差別をテーマにした話は何度も書いてきたから今更繰り返し書くこともないかなと思ってはいるんだけどちょっとだけ。
性的なものがタブー扱い(特に青少年向けには)されがちなのは、それが社会的規範(というか、倫理的な社会構造かな?)を崩す可能性から合理性を見出すことは出来て、その合理性を倫理とすることで維持することに折り合いをつけているような状況と理解している。だから、性的産業への従事者は比較的容易に社会の敵あるいは必要「悪」と位置づけることができる。つまり、社会的には必要であると定義づけている一方で、あくまで例外的でマジョリティであってはいけないという枷を負わせている。このことが正しいのかどうかというと、現代の社会構造を維持するためにはある程度認めざるを得ない、くらいかなと思う(トートロジー的だが)。だから、そこからやってくる人には警戒をしなければならない、というのはわかる。これは社会的合理性の話であり、個人の内心の話ではない(といい切れるかは疑問だが一旦)。
んで、内心はぶっちゃけどうなの?みんなAV女優は汚いって思ってるのかな?おそらくだけど、
- お世話になりました(主に男性)
- 別に気にしない
- 身内じゃなければ…
- 関わりたくない
- 滅すべき
くらいのグラデーション(もっと細かいよね多分)はあるわけだ。ただ、前述の社会構造を維持するために積極的にそこの評価を「しない」ことが本当は求められていて、なかったものと扱うべきなんだよ、というのタブーというものの本質なわけじゃん。ということは、タブー扱いしてこの話題を避けている人以外は少なくともタブーと位置づけることをやめたと見なすべきだよね。

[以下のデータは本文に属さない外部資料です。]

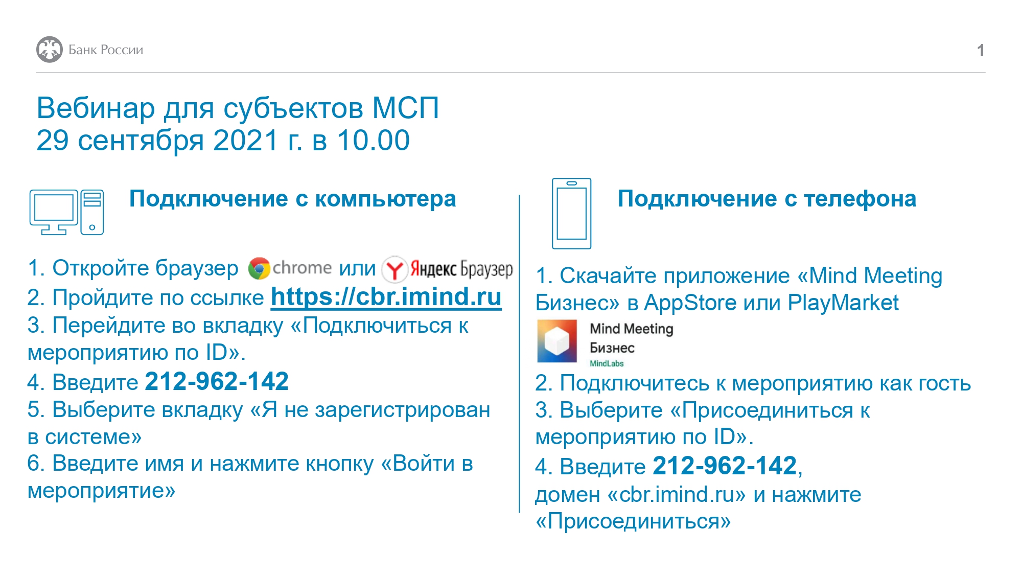 Сегодня, 29 сентября, в 10:00 при участии Центрального банка РФ состоится вебинар на тему "Возможности привлечения финансирования для субъектов МСП".

あれ、みんな本当にそんな覚悟あるんだろうか。おそらく、「気にしない」より下の人は直球で差別をすることになる。その場合って、上記の社会を維持することへの危機が迫っており、積極的に社会悪と位置づけていくことが必要、という感覚で発言をするってことだと思うんだよね。いや、その事自体はその前提における建前としてはおそらく正しくて、「進歩的ではない」。残念ながら人間の価値観や倫理観はグラデーションがあるものであり、そこには大なり小なり差別や差別に繋がるものがある(これはどんなに進歩的な価値観であっても個としての価値観である以上例外ではないんだけど)。でも、いつも進歩的風のこと言っている人が昭和の価値観に立ち戻ったかのような建前を喋りだすのはやっぱり違和感はあるよね。ましてや、内心を開陳するなど…
本件についてネガティブな意見がありそれを開陳したい場合、建前を守りたいなら建前だけでなんとか頑張って議論すべきだし、その結果として守旧派と位置づけられるくらいが正しい立ち回りだと思う。それが難しいなら沈黙していれば、自由で破壊的な価値観を持つ人達が自由闊達に議論しているのを眺めているだけで済むよね。